Abstract: Development assistance for health is declining rapidly, and public healthcare supply chains are facing urgent shortfalls in resources. Governments are moving to increase domestic financing of their healthcare supply chains. Yet the financing of supply chains is a neglected policy area, and one where countries face significant challenges. Too often, financing is slow, unpredictable, fragmented, inflexible, dependent on donors, and inefficient. As a result, populations suffer from limited and unreliable access to essential medicines and diagnostics. The neglect is partly due to the reality that health financing and supply chain policymakers work in institutional and disciplinary silos, are backed by different global health agencies and donors, and lack a common understanding or language to develop robust national policies. Following a review of prior theoretical work and case studies, and engagement with policymakers and experts, this CGD Policy Paper proposes a novel conceptual framework that integrates the functions and policy domains of the two fields.

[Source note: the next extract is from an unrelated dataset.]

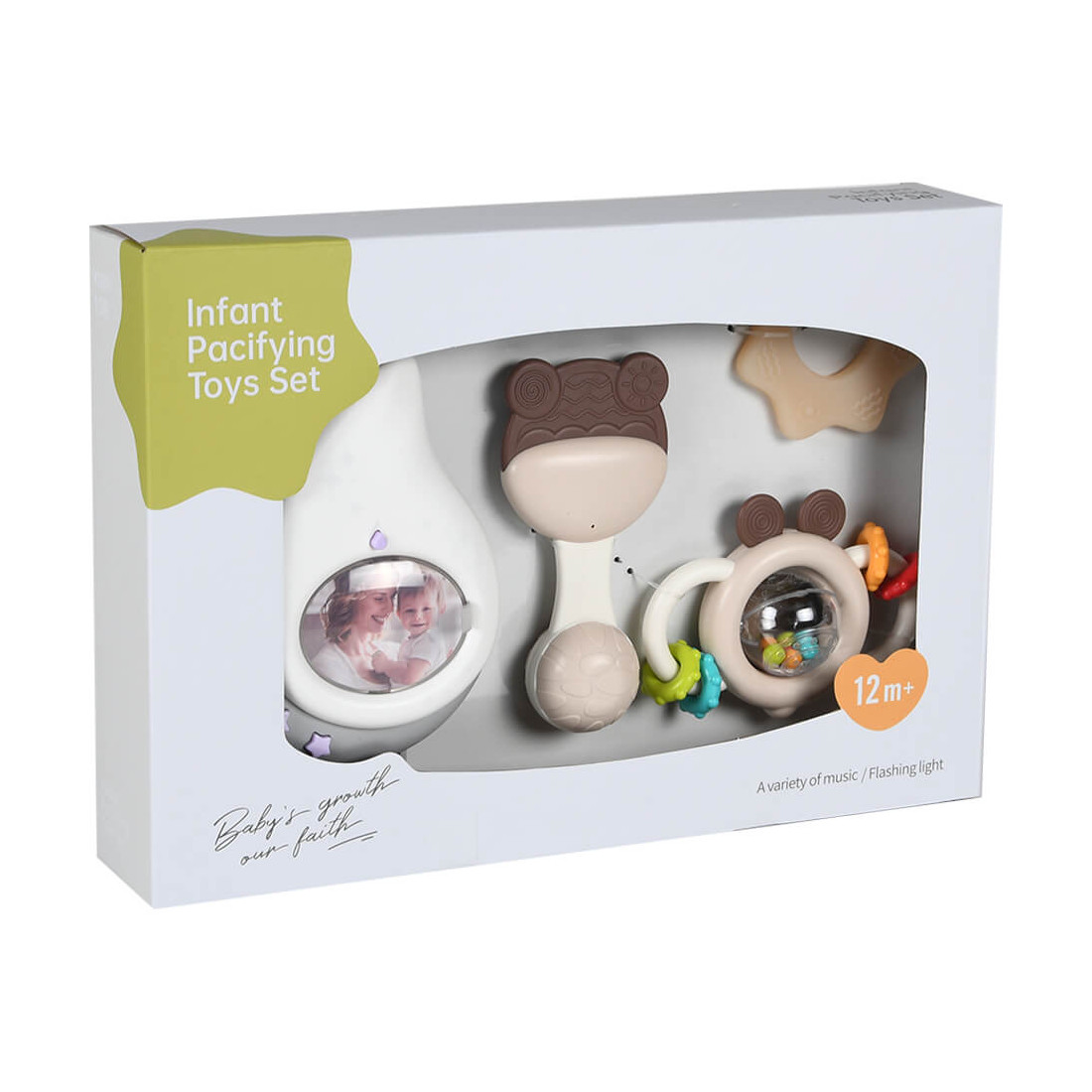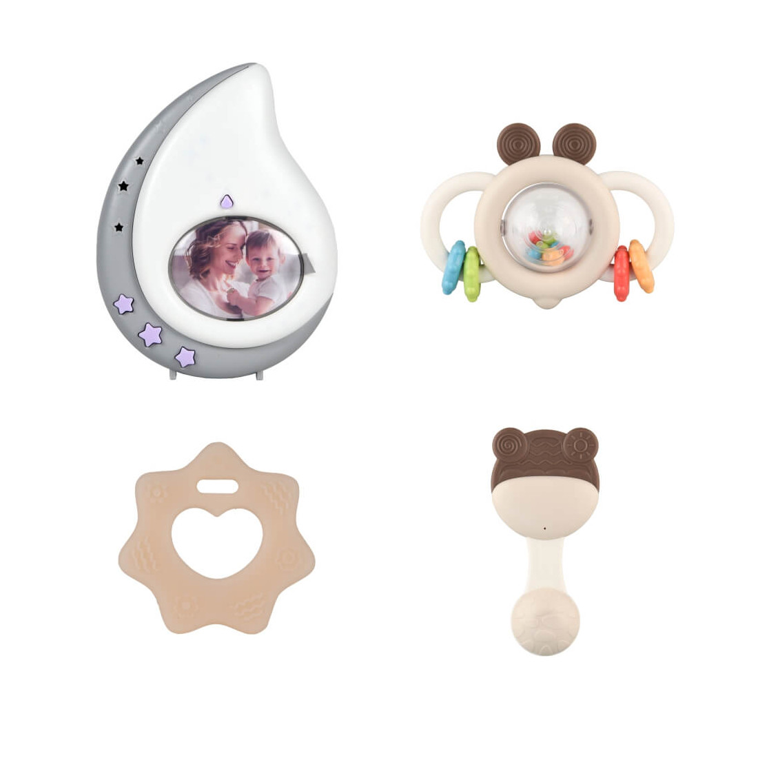 Το σετ διαθέτει λάμπα νυκτός, μασητικά και κουδουνίστρες. Όλα είναι κατασκευασμένα από υψηλής ποιότητας υλικά, μη τοξικά.

It defines financing of supply chains as “the policies and practices necessary to provide financial resources to the supply chain, and ensure their optimal use, in order to achieve health system goals.” The framework articulates integrated sectoral governance as a prerequisite for success and then details 10 distinct functions across four phases of the supply chain: planning, procurement, delivery, and monitoring. First, countries must plan the financing of supply chains, including raising funds, setting priorities, budgeting, and regulating markets. Second, countries must finance procurement and effectively execute procurement budgets, including both “direct” procurement by higher-level budget holders and “indirect” procurement carried out by healthcare facilities. Third, countries must finance an effective delivery system that ensures efficient warehousing and the timely last-mile distribution of commodities to healthcare facilities. Finally, robust monitoring is needed to enable data-informed decision making, including setting the priorities for future cycles. This framework is intended to provide a new way of thinking about supply chains. In time, we hope this will lead to a new community of practice, countries strengthening their policies and sharing their experience, and better global guidance.